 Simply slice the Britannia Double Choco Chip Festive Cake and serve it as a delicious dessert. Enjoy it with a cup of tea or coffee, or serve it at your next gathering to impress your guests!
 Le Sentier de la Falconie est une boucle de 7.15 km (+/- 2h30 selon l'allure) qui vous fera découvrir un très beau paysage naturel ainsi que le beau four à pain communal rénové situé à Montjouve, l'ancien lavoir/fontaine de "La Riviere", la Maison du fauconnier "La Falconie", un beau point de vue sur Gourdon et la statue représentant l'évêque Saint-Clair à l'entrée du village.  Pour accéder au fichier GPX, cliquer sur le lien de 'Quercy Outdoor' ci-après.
--
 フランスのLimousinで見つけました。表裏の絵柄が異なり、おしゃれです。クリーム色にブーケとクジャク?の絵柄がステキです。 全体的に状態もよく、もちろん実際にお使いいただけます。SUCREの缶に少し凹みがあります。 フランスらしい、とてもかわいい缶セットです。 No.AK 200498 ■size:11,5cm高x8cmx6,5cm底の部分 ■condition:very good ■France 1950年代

Directions for this task - For this task, write out exactly the lines of the entries above, starting at the line with "Simply slice the" and ending at the line with "Le Sentier de", both included, and no others.

Response to the task -
 Simply slice the Britannia Double Choco Chip Festive Cake and serve it as a delicious dessert. Enjoy it with a cup of tea or coffee, or serve it at your next gathering to impress your guests!
 Le Sentier de la Falconie est une boucle de 7.15 km (+/- 2h30 selon l'allure) qui vous fera découvrir un très beau paysage naturel ainsi que le beau four à pain communal rénové situé à Montjouve, l'ancien lavoir/fontaine de "La Riviere", la Maison du fauconnier "La Falconie", un beau point de vue sur Gourdon et la statue représentant l'évêque Saint-Clair à l'entrée du village.  Pour accéder au fichier GPX, cliquer sur le lien de 'Quercy Outdoor' ci-après.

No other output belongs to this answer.